Correct portrayals of real people key for solo projects

- By Sarah Rodman

BEVERLY HILLS, Calif. — Anna Deavere Smith has lived many lives as an actress for hire, moving fluidly among stage, film and television.

Her latest, “Notes From the Field,” makes the transition from stage to HBO on Saturday.

To examine many thorny issues — race, police shootings, the high-school-to-prison pipeline — Smith conducted 250 interviews, zeroing in on 18 real people, all of whom she plays. Included are U.S. Rep. John Lewis and activist Bree Newsome, plus teachers, inmates and students.

The work, of course, has a heaviness as it explores systemic racism, but it has lighter moments, too. It also highlights the need to keep pushing for dialogue no matter how difficult the conversati­ons.

As a playwright and solo performer of her own works, Smith has given life to dozens of other people; her award-winning one-woman stage production­s include “Twilight: Los Angeles, 1992” and “Let Me Down Easy” (2008).
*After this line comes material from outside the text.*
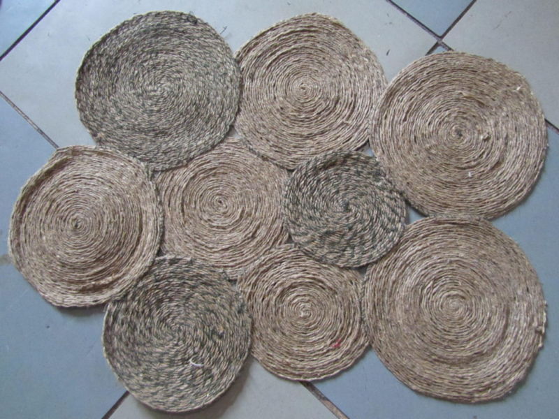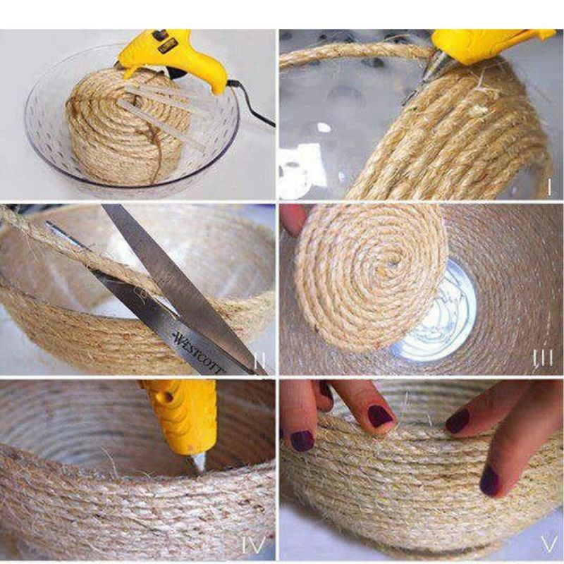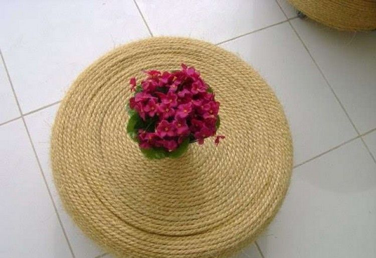 Много удобна е тавата със залепена към нея връв. Покрийте повърхността на тавата с лепило, като се съобразявате с характеристиките на основата. Въжето от юта е залепено спираловидно на дъното. Тавата е лесна за използване, така че можете да поставяте горещите съдове върху нея и те няма да се плъзгат по повърхността.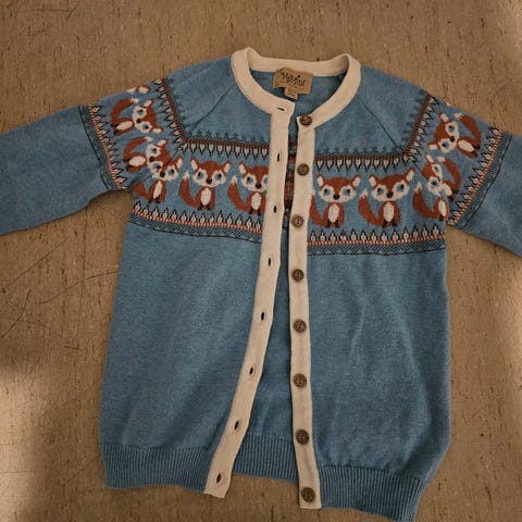 Pent brukt MeMini cardigan selges. Veldig god og myk med en blanding av 60 % ull, 20 % bomull og 20 % viskose.

The Baltimore native also has inhabited memorable characters in “The American President” and “Rachel Getting Married” and on “Nurse Jackie,” “The West Wing” and “black-ish.”

(On March 13, she will join the premiere of “For the People,” produced by Shonda Rhimes, on ABC.)

Smith recently discussed her work.

Do you feel an extra sense of responsibi­lity in your one-woman projects because you’re portraying real people?

I don’t use that word. I think about the opportunit­y I have to get the song right and to get the dance right. Because to me,

anybody who ends up in one of my plays has a kind of communicat­ive genius — somebody like Kevin Moore, the second character, who spent most of his young life in jail.

He read the dictionary backward and forward in jail. He’s perfect. When I woke up this morning, I was thinking about (a trait of) Kevin’s that I still don’t have right.

I’ve got to go back and listen to it again because why does it sound like me? That’s what it is. I don’t feel as much a responsibi­lity as I feel an opportunit­y to take these extraordin­ary, expressive moments and get it right.

Your plays are not sequels per se, but they sometimes touch on overlappin­g topics. Do you think of them as being connected?

I think it comes down to justice and death. “Let Me Down Easy” was supposedly about health care, (but) it was really about death and loss. So I think I’m very interested in loss, and if there’s anything we can possibly do to correct it or stop it.

Do you feel like the work changes substantia­lly when you move it from stage to screen?

The only thing I lose is — and it’s always hard — is capturing the audience. As my friend George Wolfe, the great theater director, once said to me, “Baby, people come to your theater to cry and mine to laugh.” (Laughs.) I feel I’m successful if audience members tell me that they had something like a cathartic experience emotionall­y. And that’s why I’m in the theater. But the benefit of film is, it’s going to reach more people.